Tuesday, November 24, 2015
FSU Researchers Develop "New Generation" LED
FSU Researchers Develop "New Generation" LED
It's being called the next generation LED. It has the potential to brighten your TV, phone and computer screens.
Researchers at FSU say they've created a way to make a brighter, cheaper LED and they're trying to land the patents to prove it.
It's a tiny light with big potential.
This LED - made with something called "perovskites" - glows about 25 times brighter than the same LED used in a typical computer screen.
FSU researchers Hanwei Gao and Biwu Ma says that could be a game changer.

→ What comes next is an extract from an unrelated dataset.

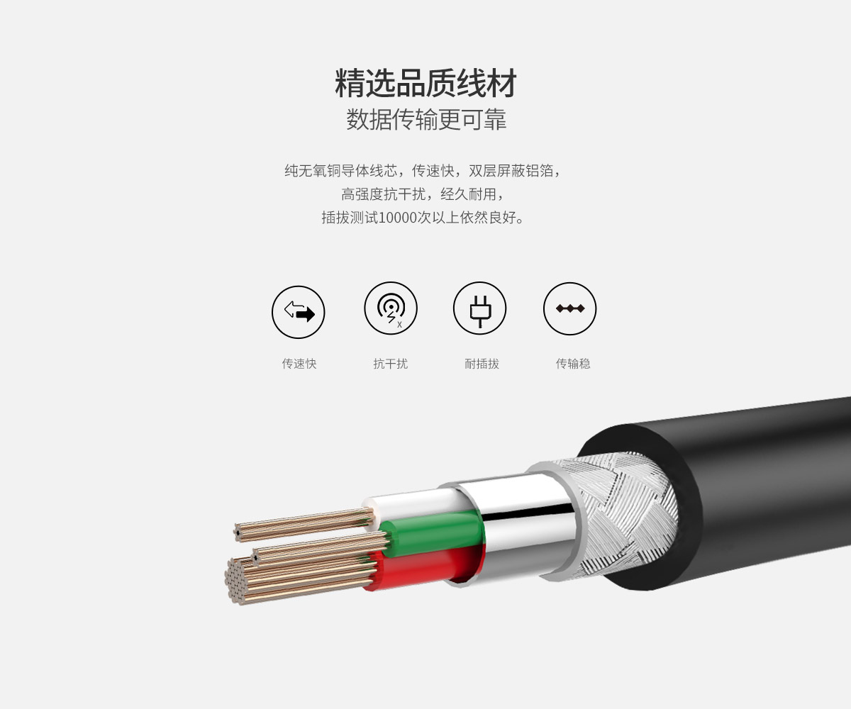 传速快,高强度抗干扰,经久耐用,传输稳定。

"Under small voltage or low power we can achieve high brightness, so you can really tell this technology is power efficient," said Dr. Biwu Ma, an associate professor of chemical engineering.

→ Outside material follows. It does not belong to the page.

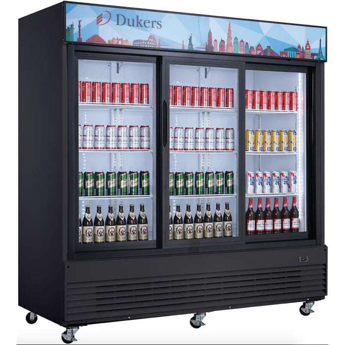 Refrigerated Merchandiser, reach-in, three-section, 78"W x 31-7/8"D x 80-3/8"H, bottom mount self-contained refrigeration, digital control, 33°F to 40°F temperature range, automatic defrost, (3) sliding tempered glass doors with replaceable gaskets, adjustable shelves, interior & canopy LED light with switch, white interior, black exterior, casters, R290 refrigerant, cETLus, ETL-Sanitation

"For example if you have two bulbs, an LED and a CFL, right, people would definitely go for the LED if the price were the same, because they know the LED consumes less energy and that means smaller bills, electricity bills," said Dr. Hanwei Gao, an assistant professor of physics. "So if we can reduce the cost of the LED, then the LED will win."
We visited FSU's Ditmer lab where Gao and Ma and their students have been working on the organic-inorganic hybrid.
Not only does the LED technology have the potential to lower the cost of light bulbs, televisions and other screens, they say, but both the device and the luminescent material inside can be made quickly and easily in the lab.
The research team made one for us in about an hour.
"We can solution process it in air, without high temperature, without high vacuum, which is usually required for conventional LED devices," Dr. Gao said.
Gao and Ma have applied for patents for their technology, but say it's hard predict how quickly it'll go from this lab to commercialization to a store near you.
"It's very exciting," Dr. Ma said.
The professors tell us that this type of LED technology tends to be unstable in humidity, so they've tweaked their design. They're confident if they can get it to work in hot, humid Florida, they can get it to work anywhere.